◆ TASK REQUIREMENTS: Without the images, print all the entries below exactly as given.

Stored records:
::::

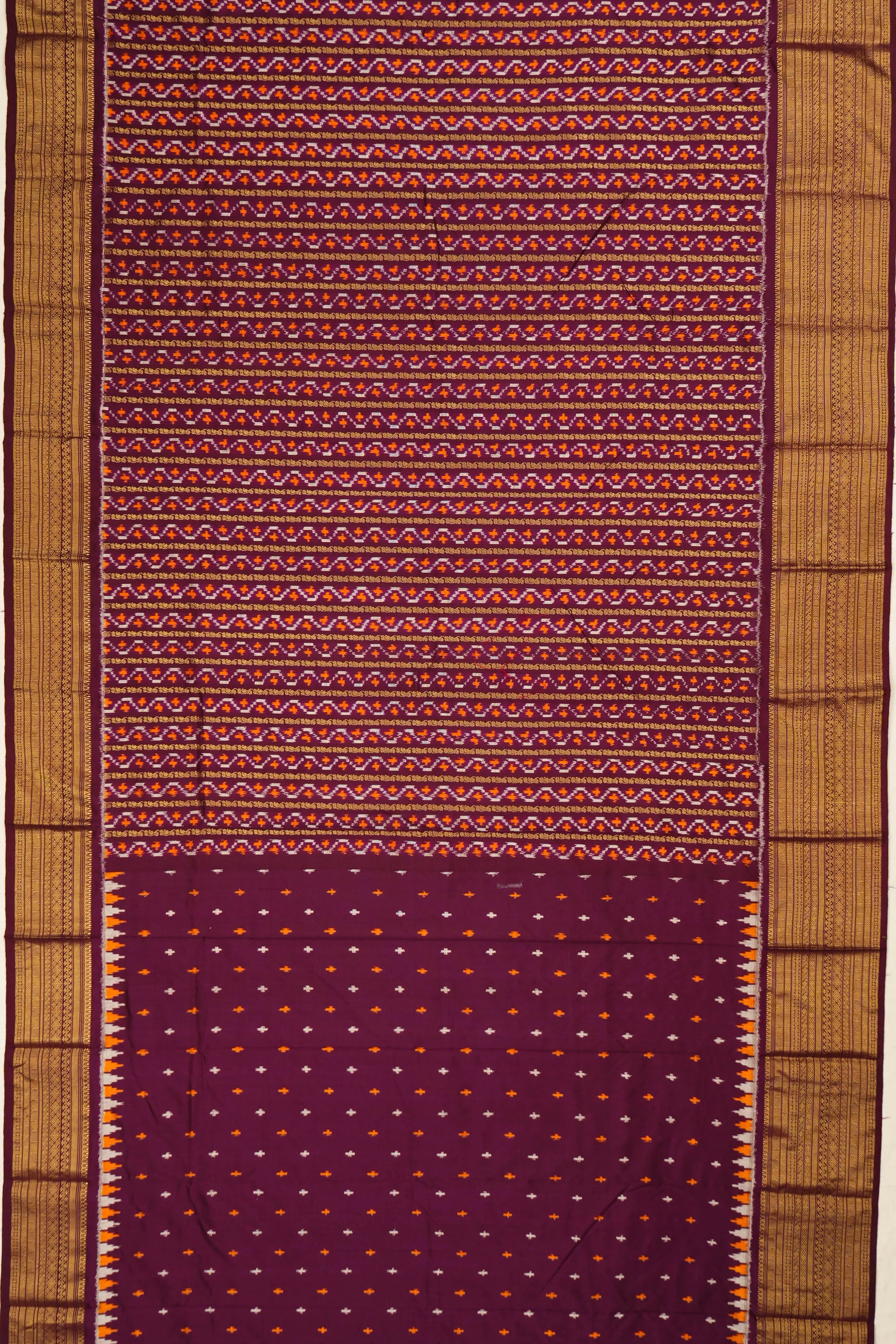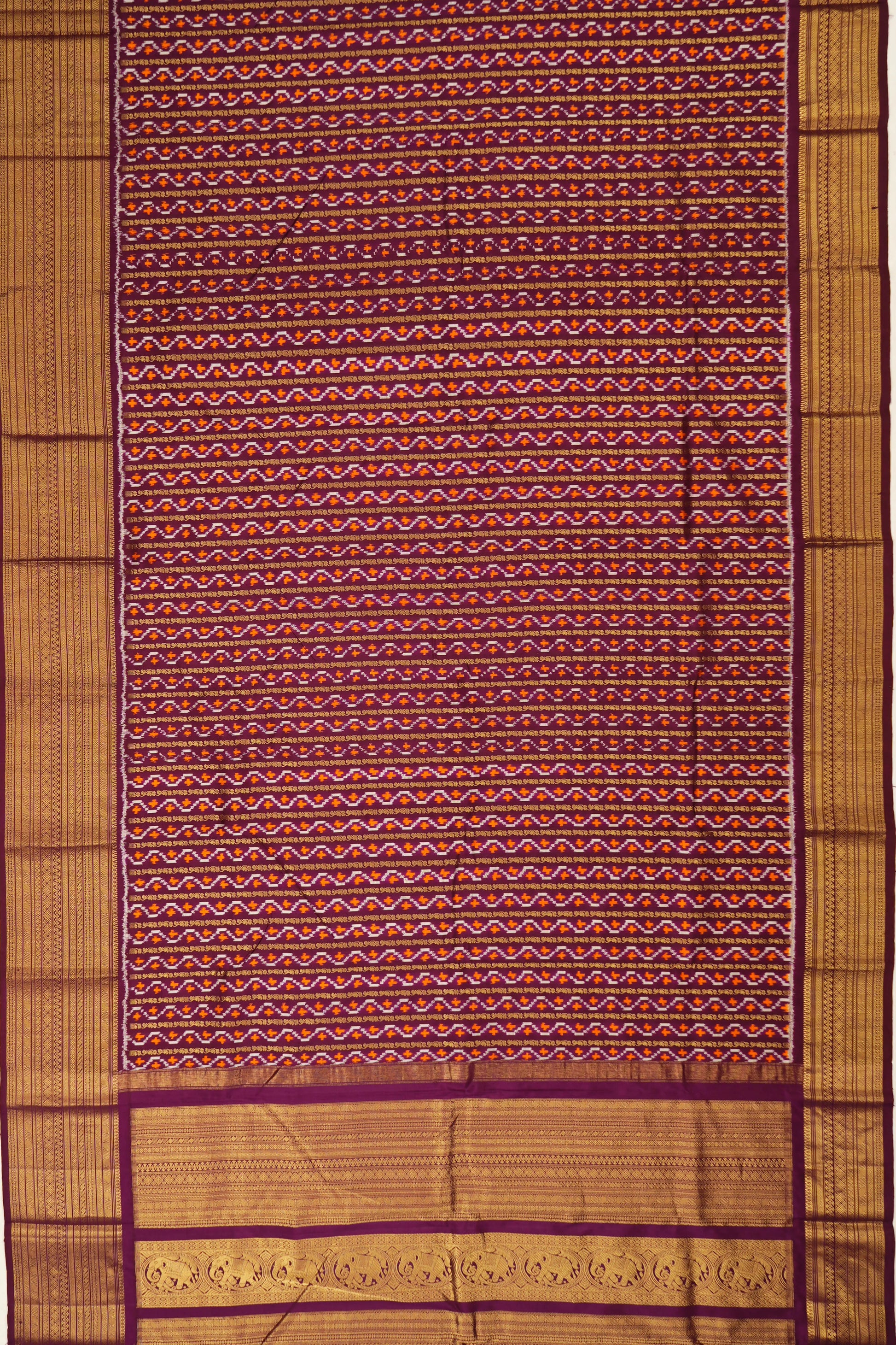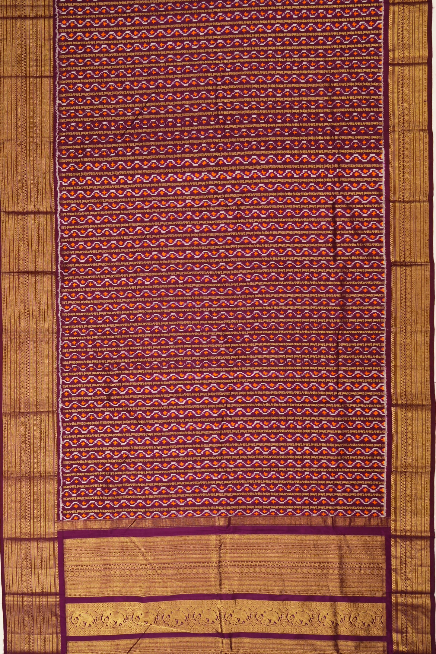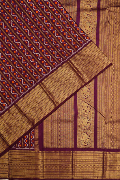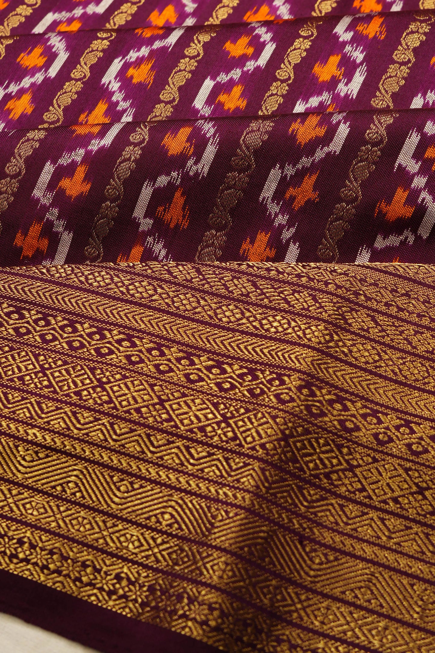 This purple saree combines traditional Ikat patterns with gold zari vertical lines brocade, blending modern design with classic craftsmanship for a distinctive look.
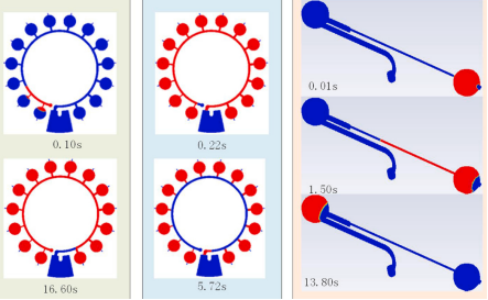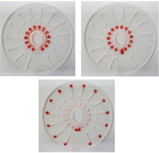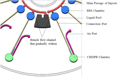 如圖 3,彎曲流道與 RPA 腔之間的短流道逐漸加寬,以減少前后腔連接流道之間的流動阻力。同時,每個 RPA 腔與 CRISPR 檢測腔之間的流道都是疏水的。
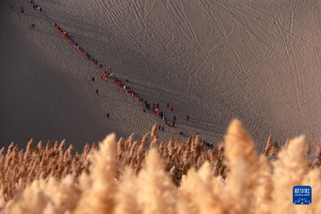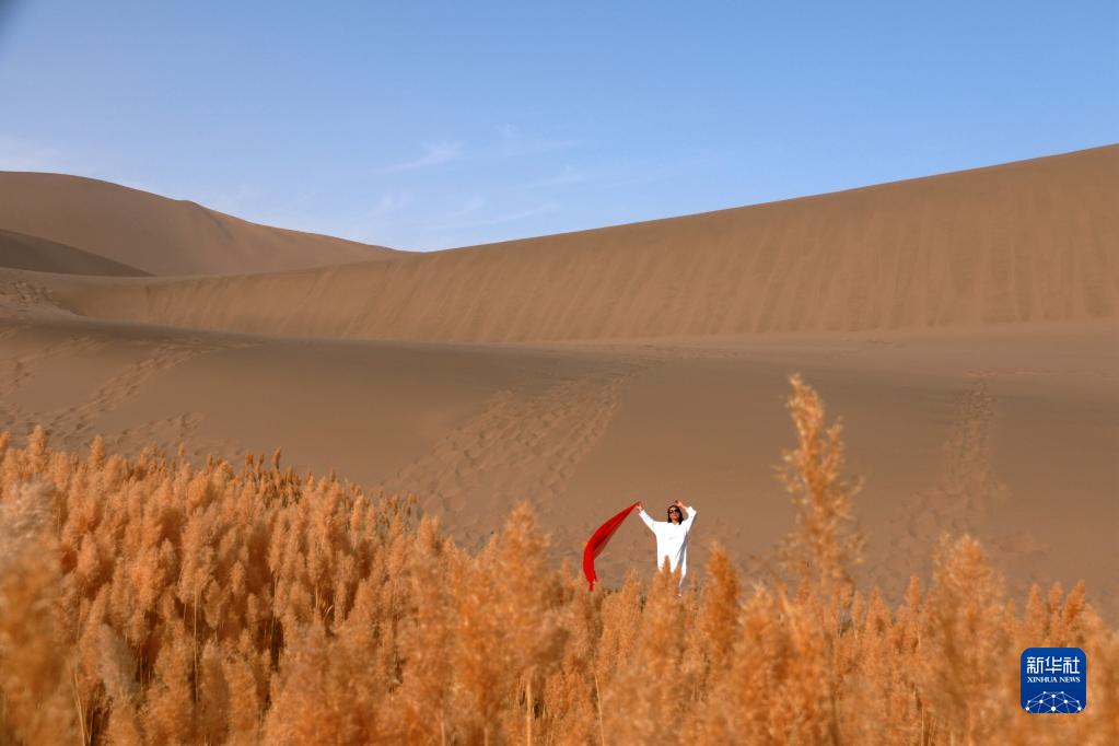 金秋时节,在甘肃省敦煌市鸣沙山月牙泉景区,大漠、驼队、蓝天、泉水、芦苇......构成一幅美丽迷人的画卷,吸引众多游客。新华社发(张晓亮摄)
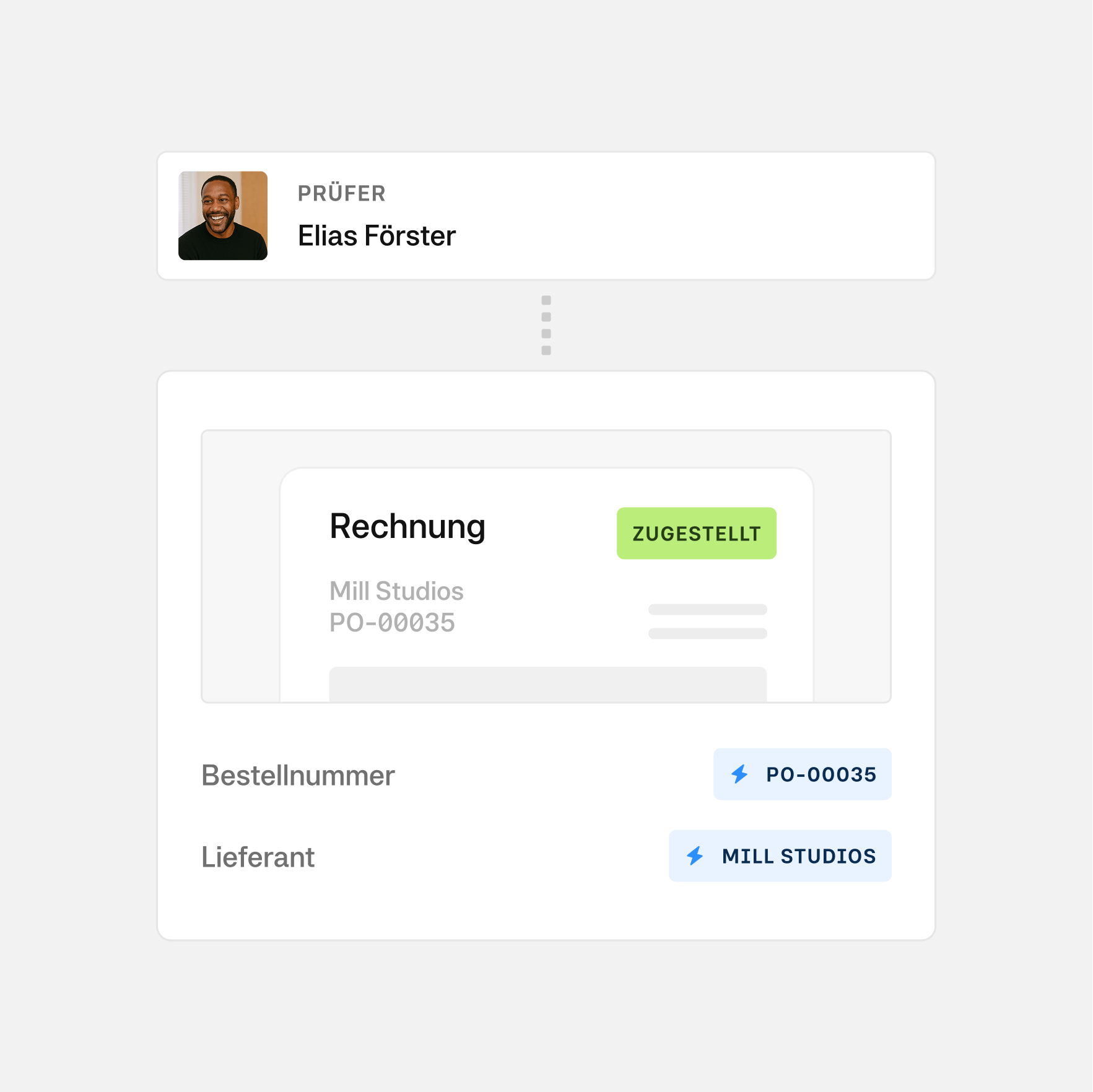 Die automatische Zuordnung von Rechnungen zu Bestellungen vereinfacht deine Arbeitsabläufe. Rechnungen können einfacher geprüft und Zahlungen schneller freigegeben werden.
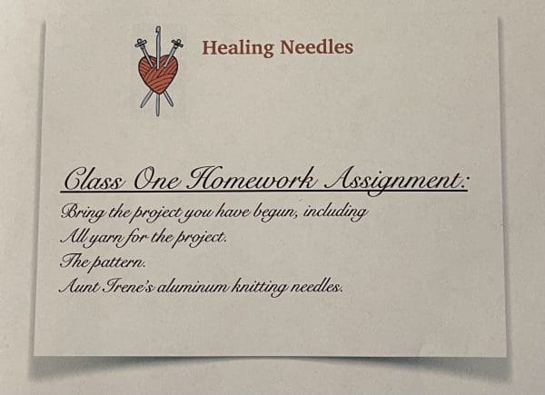 Deborah speaks first, “I’ll look forward to seeing you on Wednesday. Would you please bring your Alaskan sweater project, including all of the yarn, needles and the pattern? Bring everything you are using for that project. Also bring all of your Aunt Irene’s aluminum needles. I”m going to write that down so you remember.” Again, from the bag, Deborah pulls out a custom notepad. She writes a few lines in list format then hands it to Irene, who accepts the list and reads it.

::::

◆ ANSWER TO THE PROBLEM:
 This purple saree combines traditional Ikat patterns with gold zari vertical lines brocade, blending modern design with classic craftsmanship for a distinctive look.
 如圖 3,彎曲流道與 RPA 腔之間的短流道逐漸加寬,以減少前后腔連接流道之間的流動阻力。同時,每個 RPA 腔與 CRISPR 檢測腔之間的流道都是疏水的。
 金秋时节,在甘肃省敦煌市鸣沙山月牙泉景区,大漠、驼队、蓝天、泉水、芦苇......构成一幅美丽迷人的画卷,吸引众多游客。新华社发(张晓亮摄)
 Die automatische Zuordnung von Rechnungen zu Bestellungen vereinfacht deine Arbeitsabläufe. Rechnungen können einfacher geprüft und Zahlungen schneller freigegeben werden.
 Deborah speaks first, “I’ll look forward to seeing you on Wednesday. Would you please bring your Alaskan sweater project, including all of the yarn, needles and the pattern? Bring everything you are using for that project. Also bring all of your Aunt Irene’s aluminum needles. I”m going to write that down so you remember.” Again, from the bag, Deborah pulls out a custom notepad. She writes a few lines in list format then hands it to Irene, who accepts the list and reads it.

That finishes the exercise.